Luckily for its swashbuckling title characters, a tomboy named Sabine arrives to save the day in Ken Ludwig's 2006 adaptation of "The Three Musketeers" playing Feb. 14 through March 1 at Lambert Hall, 1703 Heights Blvd.

"It will take you back to days of yore," said Sam Sigman, who directed the UpStage Theatre production. "It's got a little bit of everything - laughs, swordplay, a death scene."

"I think every boy growing up wanted to be a musketeer," said Sigman, 52, a Tyler native who lives in the Fondren Southwest neighborhood and works as distribution manager for a magazine.

"I had all different shapes of sticks - some were daggers, some were swords - so one day I would be a musketeer and the next day would be World War II," he said.

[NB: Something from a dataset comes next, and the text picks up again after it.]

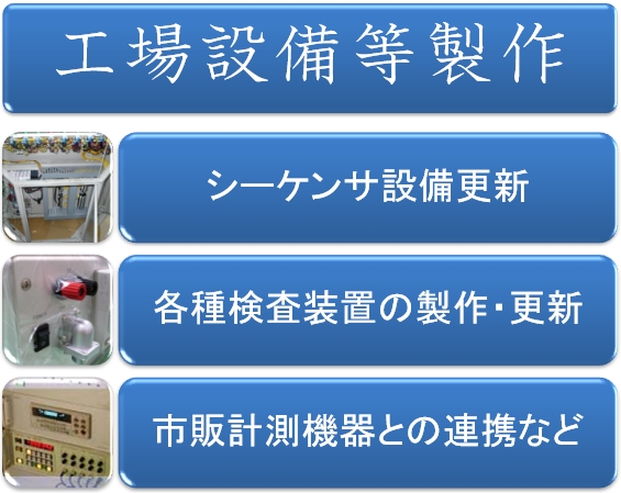 ・ 工場監視やシーケンサの更新、その他検査装置などの開発も行っております。 ・ 修理、更新を断られてしまった古い計測、検査装置などもご相談ください。 |

The cast has been rehearsing since Jan. 20 in an industrial park in Stafford, working with a fight choreographer, John Zipay of Friendswood, who also plays the father in the show. Zipay, who works at NASA, also taught fight choreography to actors in UpStage Theatre productions of Shakespeare's "Much Ado About Nothing" and "Romeo and Juliet," as well as Ludwig's 1995 comedy hit "Moon Over Buffalo."

Ludwig also wrote the 1989 Broadway hit "Lend Me a Tenor" and the book for "Crazy for You," which won the Tony Award for best musical in 1992.

This adaptation of the Alexander Dumas classic was commissioned in 2006 by the Bristol Old Vic in England.

"I've read the book and seen all the films, I think, except for the 2011 version, and the closest film to this was the 1973 version," Sigman said. "It feels like Ken Ludwig got his inspiration from that version."T

he theater's website sums up the plot: "d'Artagnan is accompanied by his sister Sabine as he travels to Paris to join the musketeers and ends up finding true love (Constance), deception (Milady), enmity (Rochefort) and enduring friendship (Aramis, Athos and Porthos)."

Among the cast members are Aaron Echegaray of Montrose as d'Artagnan, Cassandra Randall as Sabine, Bailey Hampton as Constance, Shandi Gomez as Milady and John Patterson as Rochefort.

The title characters are played by Brian Heaton as Aramis, assistant director Rick Evans as Athos and UpStage Theatre's artistic director Sean K. Thompson as Porthos.

"We have an amazing set that was designed by Rachel Smith of Opera in the Heights and we're dressing it," Sigman added. "Volunteers have been working on the costumes since last June."

Like all shows at UpStage Theatre, this one is "family friendly," he said.

"It's for kids of all ages and the excitement will hold onto younger audiences' attention."